Selling Land

Make sure the seller is the legal entity authorized to sell

Most would agree that a seller should own the property he’s selling. Simple enough. So what happens when a seller is not the legal seller?

When a selling party signs a listing agreement, he (she, they or it) is presumed to be the seller. A listing agent’s presumption may be wrong.

A listing agreement must be signed by the legal owner (s) of the property at the time the property is listed. The person sitting in front of the listing agent may or may not be the full legal owner. Here are several examples of what I’m talking about.

Divorce. Let’s say the recorded deed shows that Joe and Mary own 50 acres as husband and wife. Joe signs a listing agreement. He fails to tell the agent that he and Mary are divorcing.

This can play out in several ways. Joe does not have the right to sell jointly owned property without Mary’s permission. Mary can void the listing and any contract to sell that does not carry her name.

A lawsuit will arise if he sells the property without her knowledge. A bigger lawsuit will arise if he pockets the money from a sale.

A buyer who in good faith gets a signed contract from Joe cannot enforce it if Mary is a legal owner and she has not been party to the listing and contract agreements.

A prenuptial agreement may provide a clear path for determining who owns what, when.

If Joe alone were the legal owner, he can sell the acreage, but Mary may be entitled to half the proceeds.

Agents can be blindsided by fluid divorce situations. The deal can blow up and an agent can face an ethics complaint.

Heirs. Country property is often owned by heirs. When a property’s ownership has been divided through several generations, the legal seller may be found in, say, 32 “shares,” and each of those can involve one person, a husband and wife, an estate or multiple heirs, among other complicating entities. The listing agent and the seller’s lawyer have to get each of the 32 interests sorted out so that the rightful owner (s) of each interest signs the listing agreement and contract of sale. With a couple of heirs, this can be easy enough; with 16 or 32 or more, it can be a nightmare. If any one interest is not correctly signed, the listing agreement and contract are invalid.

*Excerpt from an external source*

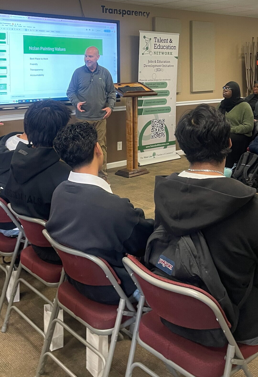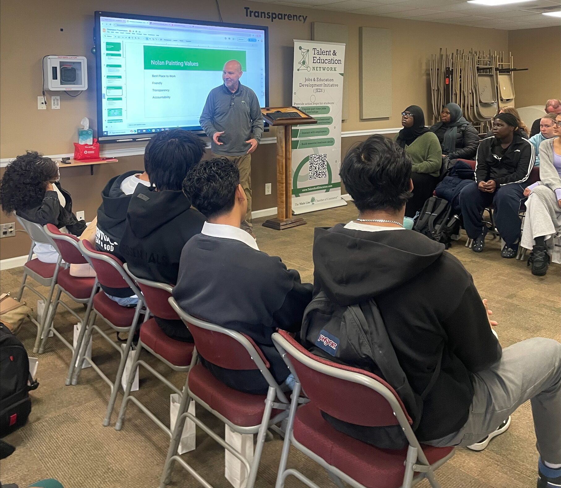 TEN’s mission is to inspire future careers and provide pathways to economic mobility for college students and high school students. Five Opportunity Knocks sessions are held throughout the year for college students, and 25 interactions through the Jobs and Experience Development Initiative (JEDI) are held for high school sudents throughout the academic year.
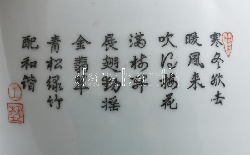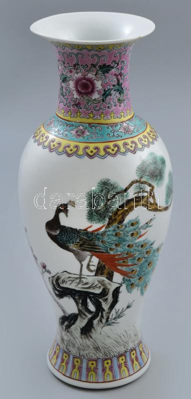 Leírás: Kínai páva mintás váza, jelzéssel, hibátlan, m: 31 cm

Sometimes heirs make honest mistakes. Someone in the family thinks he is a fractional owner when he isn’t, even though no one challenges the claim. Or an agent includes or excludes a fractional owner incorrectly but not intentionally.  In confusing situations, an agent should insist that the seller (s) have a lawyer search the title to confirm ownership and avoid an error over legal entity that produces a mess.

Take the case where Bill and Betty, his second wife, own a farm where they live. Bill dies. His will leaves half his estate to Betty and the other half to his two children from his first marriage. The kids want to turn all his assets into cash, including the farm. Betty wants to give the children half the value of Bill’s estate without selling the farm.

The kids could force a farm sale. But they couldn’t sign a listing agreement and give her half of the proceeds.

Where uncertainty exists, those trying to sell can initiate a suit to quiet title. Those coming forward with an ownership claim will have a court decide the merits. At the end of such a suit, the legal ownership will have been sorted out so that a sale can proceed.

Individuals and business entities. It’s easy for a listing agent to list the seller as Bob Brown when the legal owner of a property is actually BB LLC, or other such business entity. If the seller is incorrectly written into the documents, neither the listing agreement nor a sale is valid. If a sale is consummated and the buyer discovers that he doesn’t own the property because the legal seller didn’t sell the property, a lawsuit is likely if things can’t be fixed quickly and amicably.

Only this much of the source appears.